18532, "stonea", "Make GPU block size configurable on per-kernel launch basis", "2021-10-07T18:34:45Z"

Currently, block size for GPU kernel launches are set using the `CHPL_GPU_BLOCK_SIZE`

environment variable (or defaults to 512 if not set). This forces all kernel launches to use the same block size, which is not ideal.

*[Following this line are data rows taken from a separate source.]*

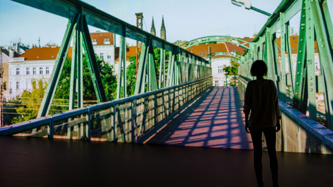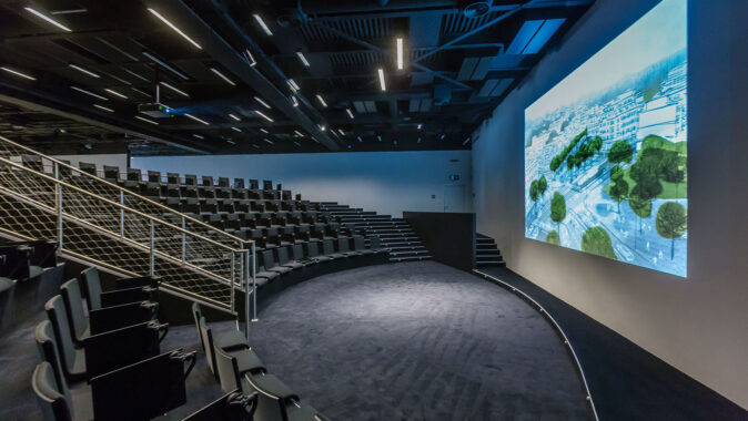 dlouhá projekční stěna. Právě na ní budou formou pohyblivé grafiky v rozlišení
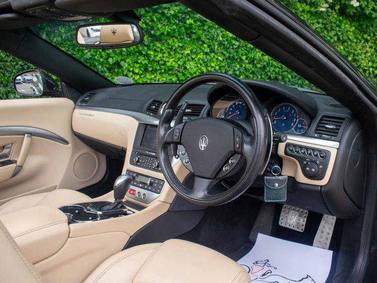 Romans of St Albans are delighted to present to you this Maserati GranCabrio Sport Finished in Nero Carbonio, with Sabbia Leather! This car sounds incredible with its 4.7 V8 naturally aspirated engine which is enhanced with the switchable Sport exhaust This benefits from having a Full Maserati and is in stunning condition inside and out. It has a great list of options to include: Comfort Pack Front Seats, Metallic Paint, Trident Stitch Head Restraints, IPOD connection, 20 Astro Antracite Alloy Wheels, Wind Deflector and more! FINANCE AVAILABLE. A £299 admin fee applies to third party finance companies being used. FREE ON-SITE PARKING (ASK FOR DETAILS.) Romans after care package includes: Romans warranty for 6 months (12, 24 & 36 months are available), Main dealer cover available, Free breakdown cover for warranty duration, Full Romans service prior to delivery, 84 point vehicle inspection, 12 months MOT, Free Life time MOT when servicing with us (ask for details), Total value of package: £2000 - ALL INCLUSIVE IN THE PRICE. All of our clients have the added peace of mind that we have our own workshop facilities with free courtesy cars. Part Exchange very welcome, nationwide delivery also available. To avoid a wasted journey we highly recommend making an appointment, so call us now to get yours booked! Romans provide the highest of quality vehicles, and have at least 80 cars in stock at any one time. This means not all cars can be kept on site. This will also allow us to give you our fully undivided attention when viewing the vehicle you are interested in, WE ARE LOOKING TO BUY YOUR TOP SPEC, LOW MILEAGE, FULL SERVICE HISTORY PRESTIGE, SPORTS, AND 4X4 VEHICLES. GET MORE FOR YOUR VEHICLE BY EITHER SELLING TO US, OR ASKING US TO SELL YOUR VEHICLE FOR YOU. PRIVATE BUYERS WANT WARRANTIES, THEY WANT TO PART EXCHANGE, THEY WANT FINANCE - TAKE ADVANTAGE OF ALL OUR FACILITIES. CALL US NOW TO DISCUSS GETTING RID OF YOUR VEHICLE QUICKLY.
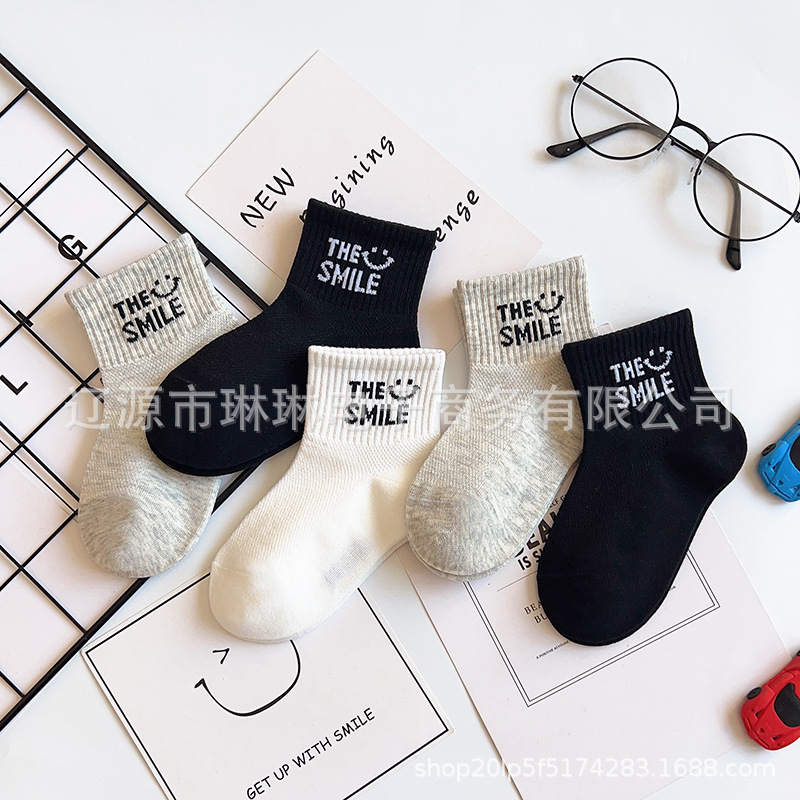 사랑의 진드기 어린이 양말 제조 업체 도매 재고 봄과 여름 얇은 메쉬 통기성 흑백 회색 문자 짧은 튜브 양말
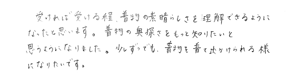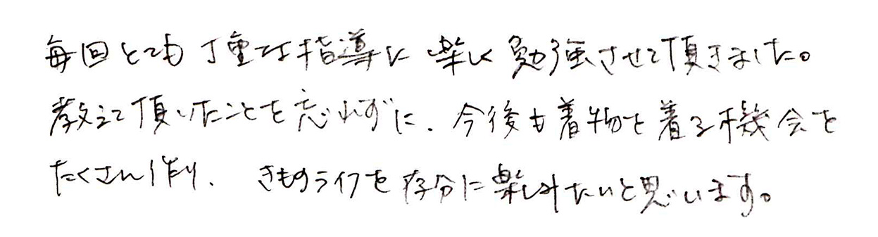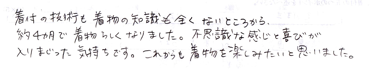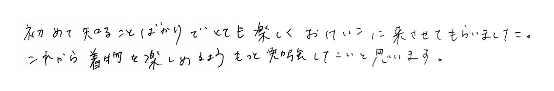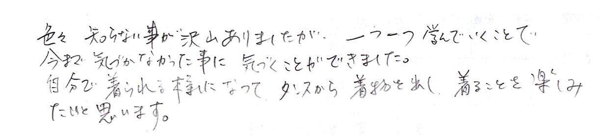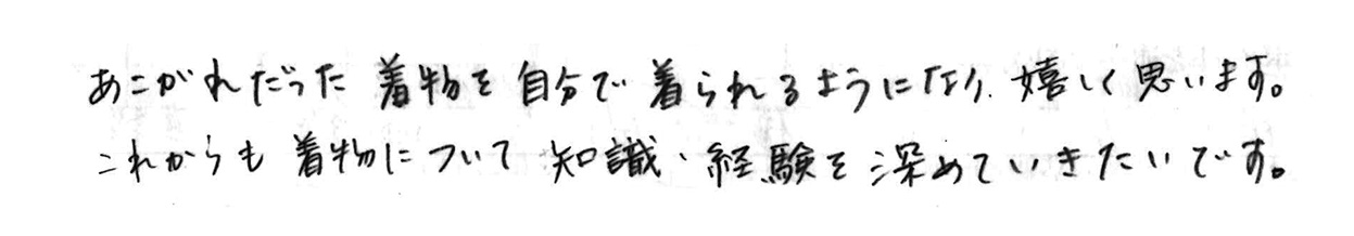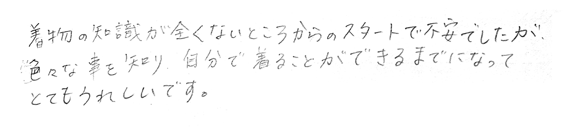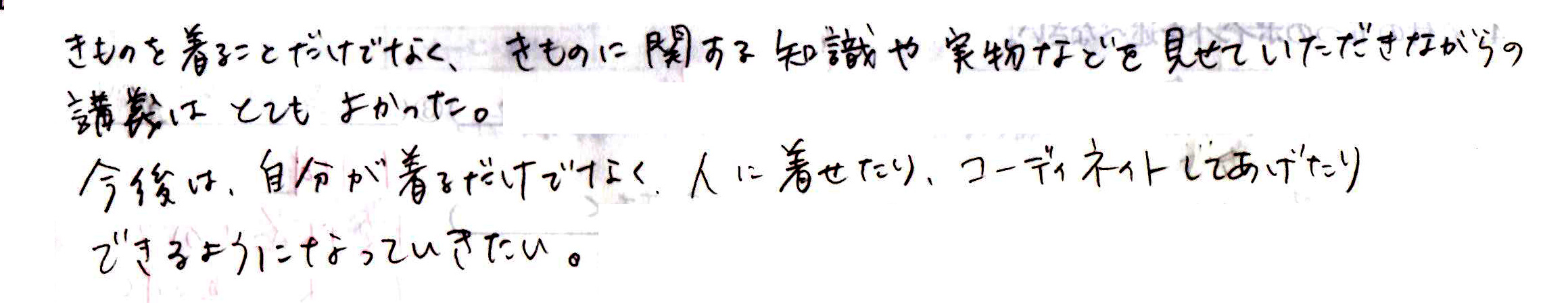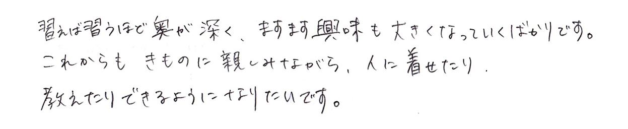 「はじめてのことを学ぶ楽しみが毎週ありました。今後機会をみつけて、着物を着る回数を増やしたいと思います。」

Perhaps we should have some intelligence to automatically determine a good block size; the `cudaOccupancyMaxPotentialBlockSize()`

function may be useful in achieving this.

Nevertheless, users may want to explicitly be able to control block\grid size, so it would be good if there was some mechanism to do this.

Trying to brainstorm ideas, here's what I can come up with:

#### New syntax on the loop:

```
on gpuLocale {
forall i = 1..n with blocksize(5) { ... } }
forall i = 1..n with blocksize(10) { ... } }
}
```

#### New syntax on the 'on' statement:

```
on gpuLocale with blockSize(5) {
forall i = 1..n with blocksize(5) { ... }
}
on gpuLocale with blockSize(10) {
forall i = 1..n with blocksize(5) { ... }
}
```

#### Annotations on the loop:

```
on gpuLocale {
@gpuBlockSize(5)
forall i = 1..n { ... }
@gpuBlockSize(10)
forall i = 1..n { ... }
}
```

#### Annotations on the 'on' statement:

```
@gpuBlockSize(5)
on gpuLocale {
forall i = 1..n { ... }
}
@gpuBlockSize(10)
on gpuLocale {
forall i = 1..n { ... }
}
```

#### Mutable value on locale:

```
gpuLocale.blockSize = 5; on gpuLocale { forall i = 1..n { ... } }
gpuLocale.blockSize = 10; on gpuLocale { forall i = 1..n { ... } }
```

#### Make it part of the range\domain for the loop:

```
var d1 = {1..n}; d1.gpuBlockSize = 5;
var d2 = {1..n}; d2.gpuBlockSize = 5;
on gpuLocale { forall i = d1 { ... } }
on gpuLocale { forall i = d2 { ... } }
```

## Related issues:

This issue (how to mark loops as order independent without adding qthreads-tasks · Issue #16404 · chapel-lang/chapel · GitHub) proposes ways

of marking forall\foreach loops as not needing to add qthread-tasks.

One of its proposed solutions is too add a new "loop configuration syntax" to forall\foreach loops.